John Klein who was a witness to my parents' wedding later married Miss Ida Zahn of Little Cypress. She was a daughter of Jacob Zahn and therefore my father's niece, and by her marriage she became my father's sister-in-law as well. For that reason she was my cousin as well as my aunt.

After his marriage, my father lived in Houston with his young bride, for my mother was only about seventeen and a half years of age at the time of her wedding. Their home in Houston was a rented house, located in the lst ward near the Old Water Stand-Pipe just north of Buffalo Bayou. There in that home in Houston I was born on March 6 in the year of 1884. It was a little over a month later that I was baptized in Trinity Lutheran Church, which was then located on Louisiana Street. My Baptismal Certificate states that my baptism was performed on April 20, 1884, by pastor Gotthord Kuehn.
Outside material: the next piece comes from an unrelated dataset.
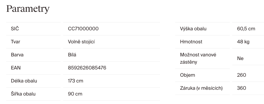 Vanu nelze doplnit vanovou zástěnou. Vanový odtokový komplet (tj. přepad, pileta, sifon, zápachová uzávěra) a podpora (nožičky) jsou součástí balení. Krytka odtoku s funkcí ClickClack je dodávána v bílé barvě. Balení 3v1 navíc obsahuje i černou a chromovou variantu pro snadnou výměnu podle vašich preferencí.

The sponsors were my maternal grandparents, Adam and Friedericke Klein, and Peter and Johanna Arverson, friends and neighbors of my parents. My name on my Baptismal Certificate is recorded as, "Eduart Otto Bahr." Since my parents called me Otto, I have reversed the order, and I sign my name Otto Edward Bahr.

II


MY MOTHER'S FAMILY


My mother's father, Adam Klein, was born in south Germany, then known as Swabia, in the Kingdom of Wuertemberg. His hometown was Stutgard. My grandmother, Friedericke Klenk Klein, was also born in Stutgard. They came to the United States of America as the aftermath of a revolutionary movement in Germany which took place in the year of 1848. My grandfather was involved in this revolution. It was the same revolution in which Carl Schurtz, later the great American Statesman, had participated during his University days. When the revolution was surpressed, both Schurtz and Klein and hundreds of others had to flee Germany in order to escape arrest and imprisonment. Both Klein and Schurtz fled to America. My grandfather arrived in 1849; Carl Schurtz came over in 1852.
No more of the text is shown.